A group of IT executives discussed what they had implemented to stave off cyber-attacks at the CIO South Africa Cybersecurity Summit held on 20 February 2024. Here are the real-world practices they have implemented.
The message that came through clearly at the CIO South Africa Cybersecurity Summit, was that people are the weakest link.
IT leaders at the summit said staff are the biggest challenge when it comes to trying to limit the effects of cyber-attacks, despite regular training, as they will still open dodgy links in phishing emails. As one participant said: “It’s all about awareness and training staff. People are the first point where breach of data happens.”
One way to counter this is to build in awareness and understanding as part of KPIs, which will influence raises and bonuses. It’s also vital that IT is on top of staff changes such as new hires and resignations so they can remove security access from the system, or add a new employee at the right risk level. “One weak link can affect the entire company,” noted another attendee.
Contact IT
At the same time, people need to understand that they must get hold of IT when something seems suspicious, or communicate with the tech team when things go wrong. “We had a CFO get hold of me when he received a suspicious email – before he clicked on the link. It was great that he reached out,” noted one CIO.
When it comes to staffing, a solution – even for current employees – is to rank them in terms of level of access. Someone working in a warehouse is not likely to be tech-savvy and therefore doesn’t need email, which is still one of the biggest risks for cyber-attacks.
Lock it down
Another solution that is based on ranking staff members, raised by another attendee, is to have desktops that are locked down when the users only need access to certain programmes and network points and otherwise have low levels of understanding of the cyber space.
“When it comes to those who are more proficient, they can have higher levels of access, such as mobile devices that they can use for work,” said one technologist.
Stolen devices
Laptop theft for the purposes of getting hold of data is not a significant risk in South Africa. “In South Africa, there’s a very small chance that people steal laptops for data. They take them for their value. The question is, how much risk do laptops really have, because people don’t store data on laptops,” noted an IT specialist.
Phishing and other attacks
Although email is a significant area of focus for hackers, most threats come from social engineering, while there are fewer attempts to get into networks for companies such as retail. Those in financial services, however, face a higher level of attack.
According to Fortune Magazine, the financial industry endured the most data breaches in 2023, including a single attack that affected nearly 1,000 institutions.
Another large area of concern is that impersonation is not considered when systems are being configured. One example of this an attendee highlighted was the use of AI to generate a fake video of the CEO. This new tool can easily grab the company head’s voice and image from previous videos and use it to fool employees into doing something that opens a door for criminals.
“Impersonation is not considered when systems are being configured. This is probably one of the biggest threats.
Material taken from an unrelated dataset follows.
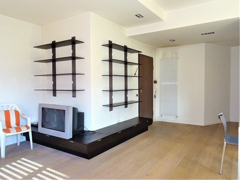Il parquet riveste quasi lintera superficie, mentre le porte in alluminio e vetro, in camera e bagno, conferiscono unimpronta contemporanea agli ambienti.

We use threat intelligence to fight this and run simulations to see if we can be affected,” noted one CIO.
So, what else can companies do given that staff remain an entry point?
When it comes to implementing defence strategies, backend solutions require proper authentication such as two-factor ID, which is especially important when staff are working from home or travelling. Other important elements are to take pen and vulnerability testing inhouse and not just rely on external auditors, although these are also an important part of the process.
“Standard operating practice and worst-case scenario planning are boring, but you must go down to that level.”
This internal testing, says one professional, takes eight hours every week. Yet, the company has successfully averted the 400,000 attempts on its systems every day. A lot of testing can now be automated, which is also a smarter way of looking after the estate.
Moreover, when adding new clients or machines to the network, IT needs to ensure that they are locked up and only have access to those areas of the system that they require. The tech department also needs to make certain that service providers do what they should, and no new vulnerabilities come in.
As attacks are a matter of when, not if, it’s important to collaborate with the right partners and have them on call, according to several of those in the brainstorm session. The weak points aren’t those you don’t even know about, commented one participant.
“It’s a matter of when, not if. You need to have good specialists on call, as partners are key. If you have this sort of ecosystem, you can get through nearly anything.”
Although artificial intelligence can be seen as a threat, it can also be used to see which processes can be breached and impact the brand. Another key aspect is to protect the vital aspects of the business, the “crown jewels” – the most valuable or critical assets – and make these a focus area rather than trying to cover everything and overextending staff.
However, the most important aspect to any cybersecurity plan is how a company responds when, not if, they are breached. The entire company needs to be trained so they know how to react when IT is compromised, and they need to know how to escalate the issue, and to whom. And that comes down to compliance and procedures, which must be planned ahead of time.